Since, not all patients respond to anti-VEGF therapies injections; researchers have been
pursuing other cytokines and inflammatory mediators as the culprit in the non-responsive
group. Up-to-date there have been numerous studies investigating the levels of cytokines in
the eyes of diabetic patients and based on our extensive review of the literature this/these
mystery molecules can be any of the following cytokines: IL-1, IL-6, IL-7, IL-8, IL-10,
IL-12, MCP-1, MCP-3, IP-10,VEGF, PLGF, PEDF, ICAM-1, VCAM-1, GM-CSF, GRO(CXCL-1), TNF-alpha,
TGF- beta, Eotaxin, FGF-2, FLT3L,IFN alpha, MDC, MIG(CXCL 9), PKC, and MMP-9. These cytokines
may also present a novel path to monitor disease activity.

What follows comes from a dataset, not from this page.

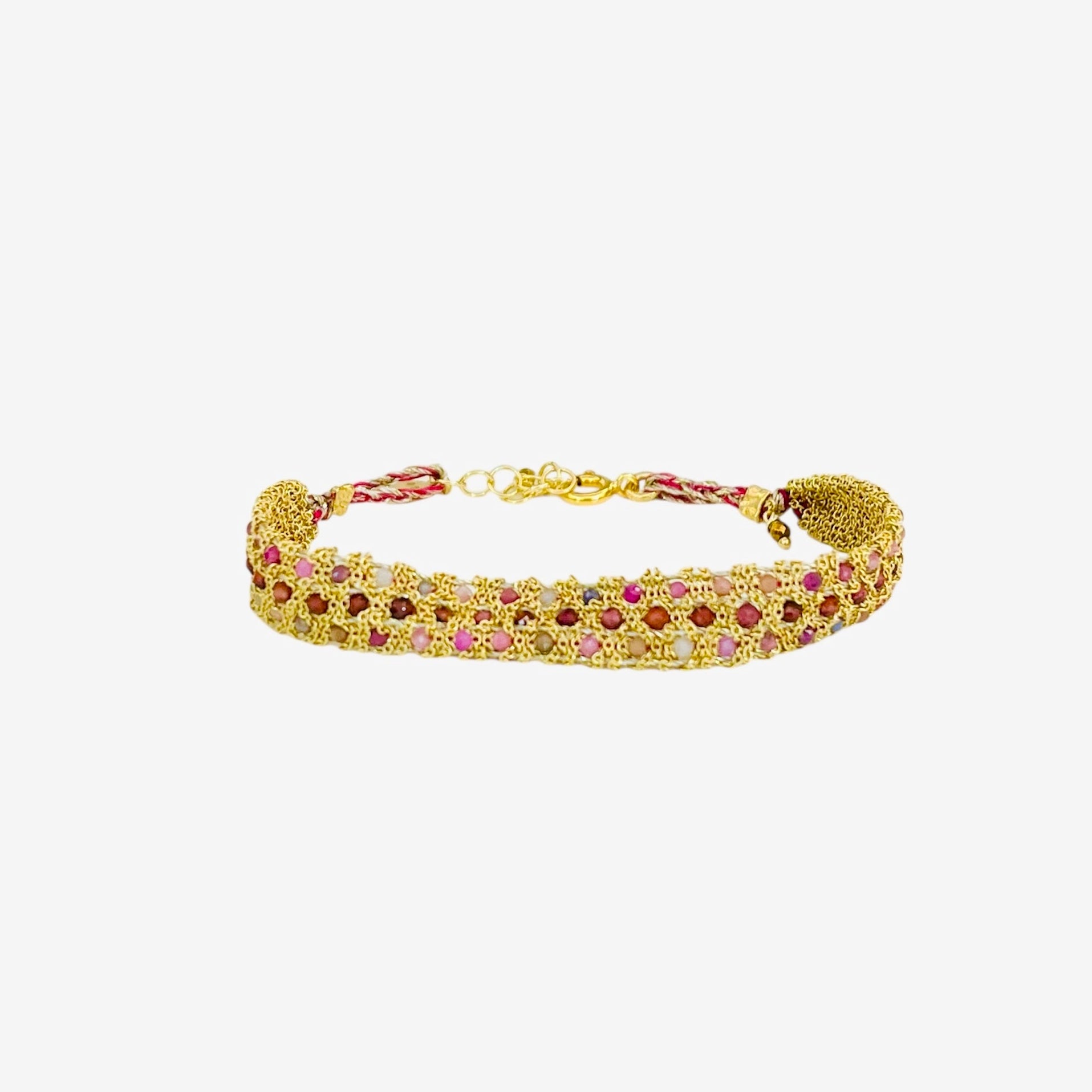 Bracelet composé d'un tissage fin avec chaine en argent doré et pierres fines en grenat & saphir rouge

Until now, there has not been a study attempting to determine whether basal cytokine levels
are an indication to response to treatment or lack thereof. It is therefore, in our opinion,
essential to carry out such a study as a significant relationship between (an) elevated/
suppressed cytokine and letters gained on best corrected visual acuity or a relationship
between an elevated cytokine and not responding to our VEGF treatments could present a path
for deciding whether a patient is suited for the anti-VEGF treatment at hand. In addition, it
could pave the way for development of a new medication that could act complementary to our
current treatments. Above all, we hope to assist eye surgeons and physicians to help their
patients with the treatment that fits them the best.